## Information provided
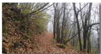
Sentieri in autunno

Pietro Marcheselli - Altro/Other 2017 - Inverno - Savignone - Panorami
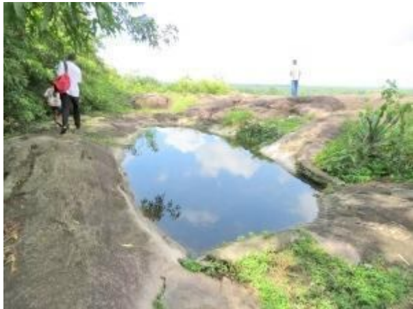
කුඩාපොකුණක් සහිත ගල් තලාව

විහාර ගෙයින් පිටතට පැමිණ කුඩා වෛතයය අසලින් උඩට ගිය විට නැවත දැවැන්ත ලෙනක් හමුවන අතර ඒ අතරින් ඉහලට ගමන් කල යුතුය. මෙතැන් සිට සෑම දෙසින්ම පැරණි ගල් ලෙන් හමු වන අතර සමහර ලෙන් මැටි බිත්ති බැඳ කාමර සේ ආවරණය කර තිබෙනු දක්නට ඇත. නමුත් එම බිත්ති ගරා වැටී ඇත. ගස් වැල් සහිත වන පෙනේ ඉහලටම ගමන් කල විට "දබිනි" ලෙන ආසන්නයෙන් විශාල එළිමහන් ගල් තලාවකට පිවිසේ. මෙහි ජලය පිරුණු කුඩා පොකුණක් දක්නට ඇති අතර මෙම ගල් තලාවට ඇත ක්ෂිතිජය තෙක් විහිදෙන මනස්කාන්ත දර්ශණ තලයකින් යුක්තය. මෙම ගල්තලාව අවට පතොක් වැනි ශාඛ දක්නට ඇති අතර වනාන්තරය තුලින් නැගී සිටින අමුතු රටාවන් සහිත ගල් පර්වතද දක්නට ලැබේ. නැවත වනාන්තරය තුලට පිවිස ගමන් කිරීමේදී ඔබට විවිධ වර්ග වල පක්ෂීන් මුණ ගැසෙනු හෝ හඬ ඇසෙනු ඇත. මෙහිදී අපට ලංකා සැලලිහිණි පක්ෂීන් කිහිප දෙනෙකුම හොඳින් බලා ගැනීමට හැකි විය.
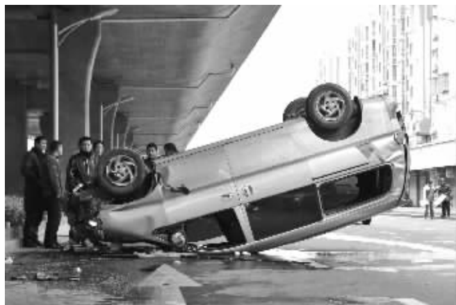
翻车后,路上的活鱼很快被拾起运走

昨天上午9点20分左右,在应天大街康美里小区门口,突然传来“哐、哐、哐”三声巨响,只见一辆银灰色现代商务车在快车道上连续撞击,最后翻了个底朝天,几百条鲫鱼从车里哗啦啦流出,涌到快车道上,所幸驾驶员无恙。

## Requirement
Could you repeat every entry above exactly, with each picture omitted?

## Solution for this task
Sentieri in autunno

Pietro Marcheselli - Altro/Other 2017 - Inverno - Savignone - Panorami
කුඩාපොකුණක් සහිත ගල් තලාව

විහාර ගෙයින් පිටතට පැමිණ කුඩා වෛතයය අසලින් උඩට ගිය විට නැවත දැවැන්ත ලෙනක් හමුවන අතර ඒ අතරින් ඉහලට ගමන් කල යුතුය. මෙතැන් සිට සෑම දෙසින්ම පැරණි ගල් ලෙන් හමු වන අතර සමහර ලෙන් මැටි බිත්ති බැඳ කාමර සේ ආවරණය කර තිබෙනු දක්නට ඇත. නමුත් එම බිත්ති ගරා වැටී ඇත. ගස් වැල් සහිත වන පෙනේ ඉහලටම ගමන් කල විට "දබිනි" ලෙන ආසන්නයෙන් විශාල එළිමහන් ගල් තලාවකට පිවිසේ. මෙහි ජලය පිරුණු කුඩා පොකුණක් දක්නට ඇති අතර මෙම ගල් තලාවට ඇත ක්ෂිතිජය තෙක් විහිදෙන මනස්කාන්ත දර්ශණ තලයකින් යුක්තය. මෙම ගල්තලාව අවට පතොක් වැනි ශාඛ දක්නට ඇති අතර වනාන්තරය තුලින් නැගී සිටින අමුතු රටාවන් සහිත ගල් පර්වතද දක්නට ලැබේ. නැවත වනාන්තරය තුලට පිවිස ගමන් කිරීමේදී ඔබට විවිධ වර්ග වල පක්ෂීන් මුණ ගැසෙනු හෝ හඬ ඇසෙනු ඇත. මෙහිදී අපට ලංකා සැලලිහිණි පක්ෂීන් කිහිප දෙනෙකුම හොඳින් බලා ගැනීමට හැකි විය.
翻车后,路上的活鱼很快被拾起运走

昨天上午9点20分左右,在应天大街康美里小区门口,突然传来“哐、哐、哐”三声巨响,只见一辆银灰色现代商务车在快车道上连续撞击,最后翻了个底朝天,几百条鲫鱼从车里哗啦啦流出,涌到快车道上,所幸驾驶员无恙。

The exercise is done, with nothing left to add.